Your objective — The range to repeat runs from the line with "2003 Sterling LT7500" to the last line below, both ends included; give it exactly and without pictures.

Information supplied —
*** Begin section ***
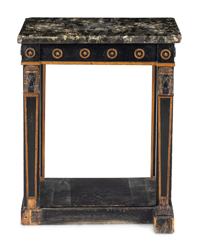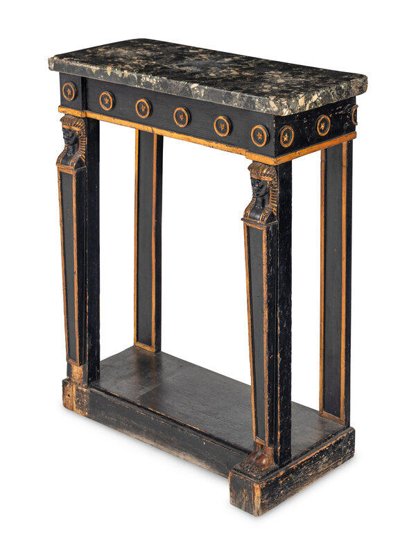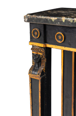 A Regency Style Parcel Gilt and Ebonized Pier Table
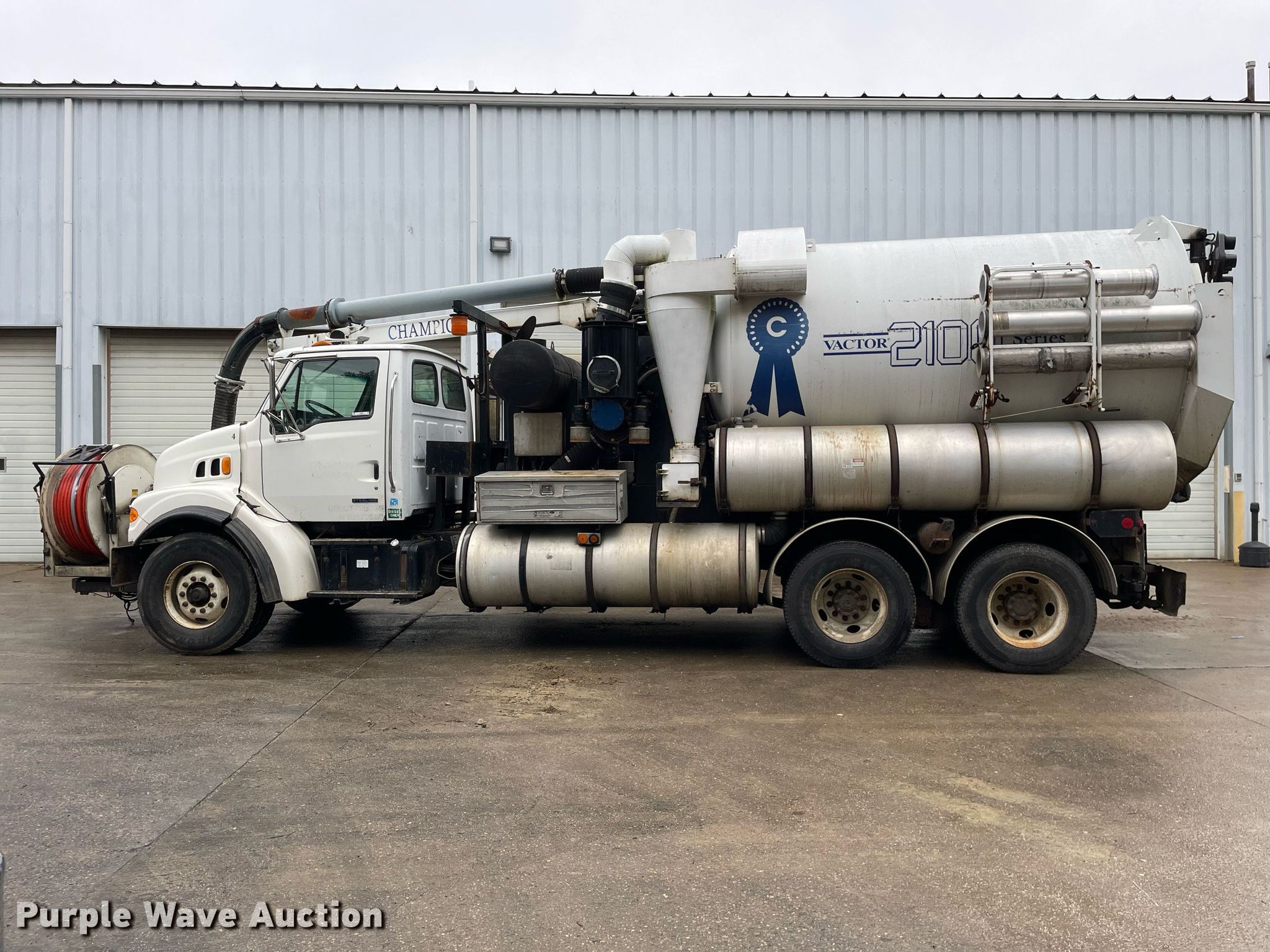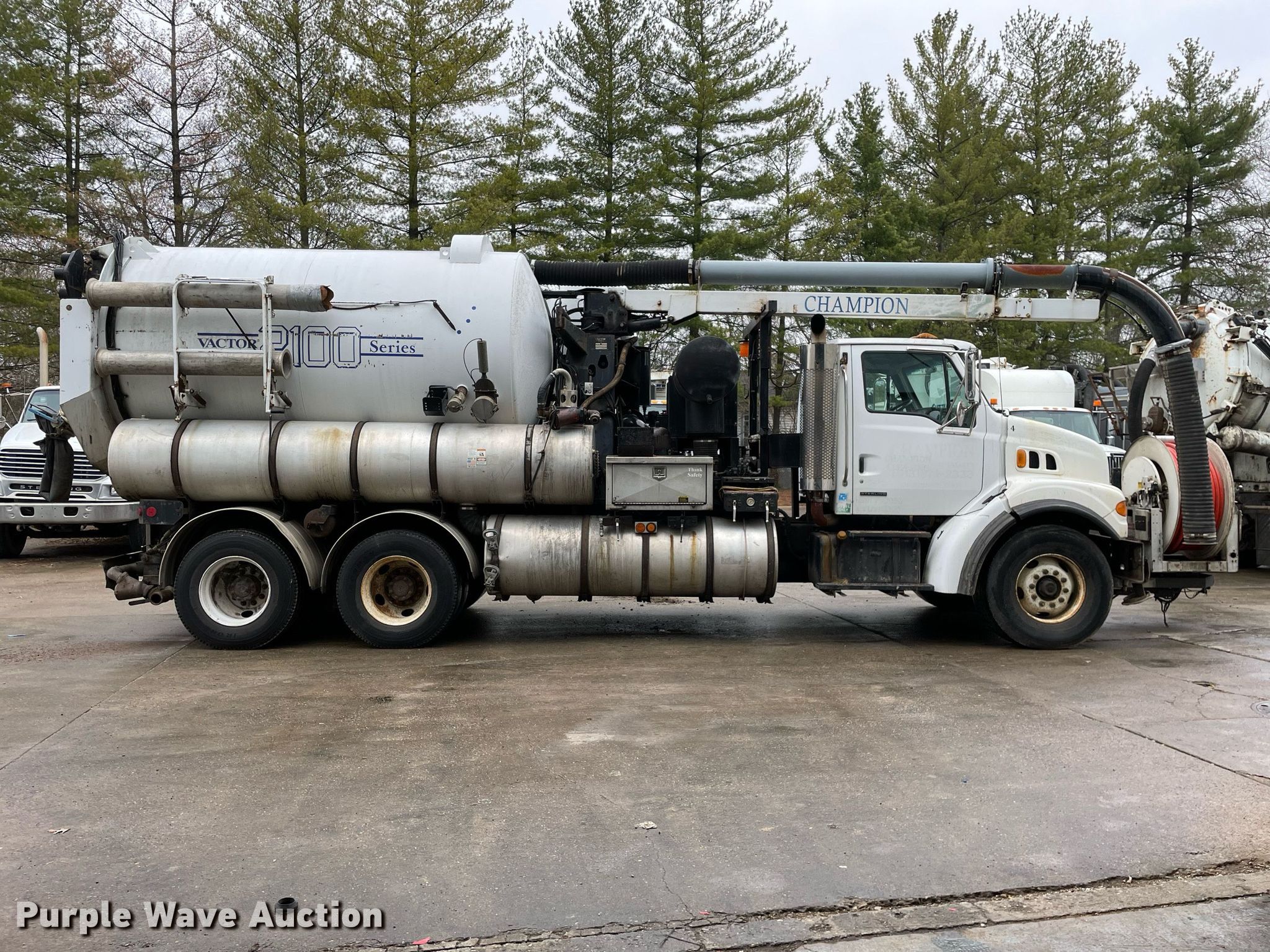 2003 Sterling LT7500 sewer jetter truck. Miles: 366,980 on odometer, Hours: 21,243 on meter, VIN: 2FZHATAK73AK40885, Unit #: 4. Engine Caterpillar 3126, Displacement: 7.2L L6, Cylinders: 6, Fuel type: Diesel. Transmission Automatic. Chassis Axles: Tandem, Suspension: Spring over walking beam, Brakes: Air, PTO, GVWR: 60,000 lbs. Interior AC, Heat, Cruise control, Auxiliary controls. Features Tank bed Vactor 2115-824-18, Serial: 03-02V-8472, Capacity: 2,000 gallons, Rear outlet: 8", Water pump Vactor, PSI: 2000, GPM: 80, Vacuum pump Roots 824 RCSV 18, Serial: 1411996420, Hose reel Front, Hydraulic, Diameter: 1", Length: 600', Telescopic boom Diameter: 8".. Tires Front: 425/65R22.5, Rear: 11R22.5. Notes Arrow board. Ohio title. Title distribution may be delayed up to 14 days from verification of funds. Champion Cleaning Specialists. 8391 Blue Ash Road. Cincinnati, OH 45236
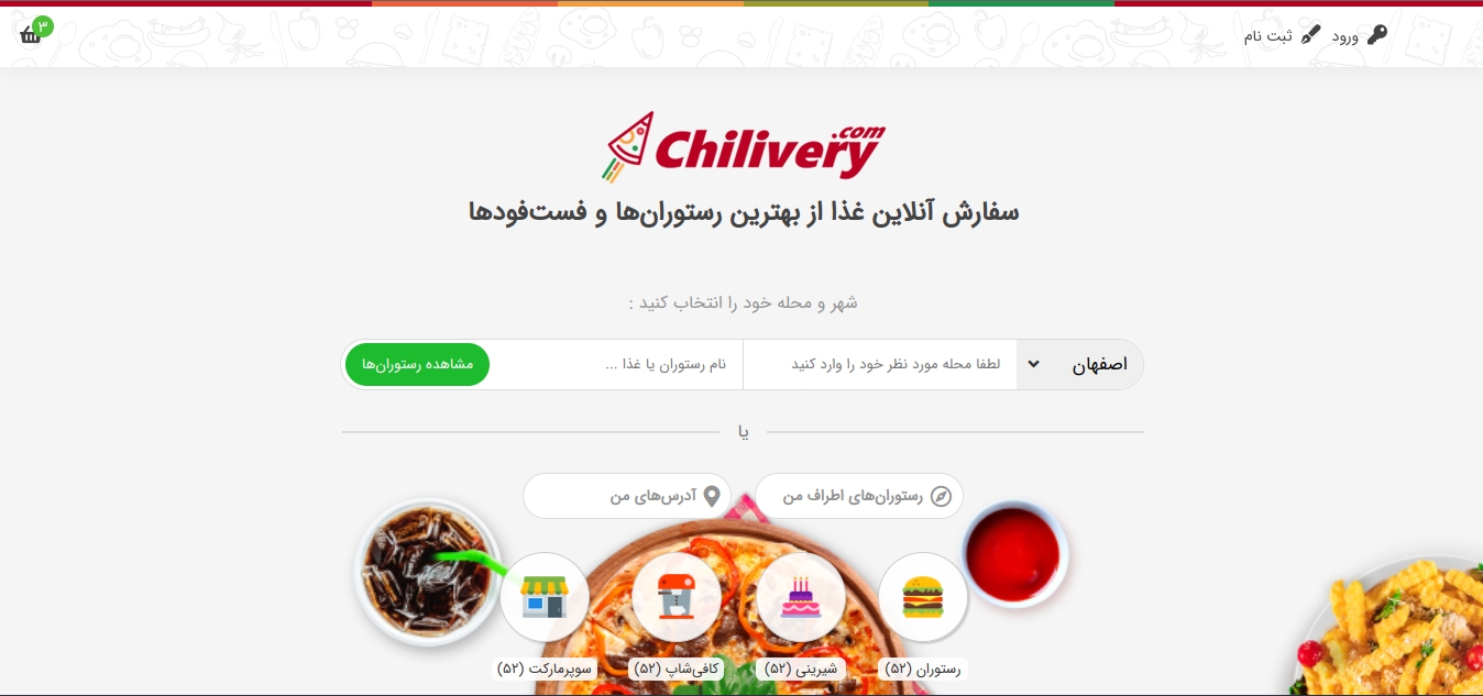 وبسایتی زیبا و مدرن بر پایه طرح شرکت چیلیوری برای سفارش آنلاین غذا و محصولات خوراکی.
*** End section ***
Answer box —
 2003 Sterling LT7500 sewer jetter truck. Miles: 366,980 on odometer, Hours: 21,243 on meter, VIN: 2FZHATAK73AK40885, Unit #: 4. Engine Caterpillar 3126, Displacement: 7.2L L6, Cylinders: 6, Fuel type: Diesel. Transmission Automatic. Chassis Axles: Tandem, Suspension: Spring over walking beam, Brakes: Air, PTO, GVWR: 60,000 lbs. Interior AC, Heat, Cruise control, Auxiliary controls. Features Tank bed Vactor 2115-824-18, Serial: 03-02V-8472, Capacity: 2,000 gallons, Rear outlet: 8", Water pump Vactor, PSI: 2000, GPM: 80, Vacuum pump Roots 824 RCSV 18, Serial: 1411996420, Hose reel Front, Hydraulic, Diameter: 1", Length: 600', Telescopic boom Diameter: 8".. Tires Front: 425/65R22.5, Rear: 11R22.5. Notes Arrow board. Ohio title. Title distribution may be delayed up to 14 days from verification of funds. Champion Cleaning Specialists. 8391 Blue Ash Road. Cincinnati, OH 45236
 وبسایتی زیبا و مدرن بر پایه طرح شرکت چیلیوری برای سفارش آنلاین غذا و محصولات خوراکی.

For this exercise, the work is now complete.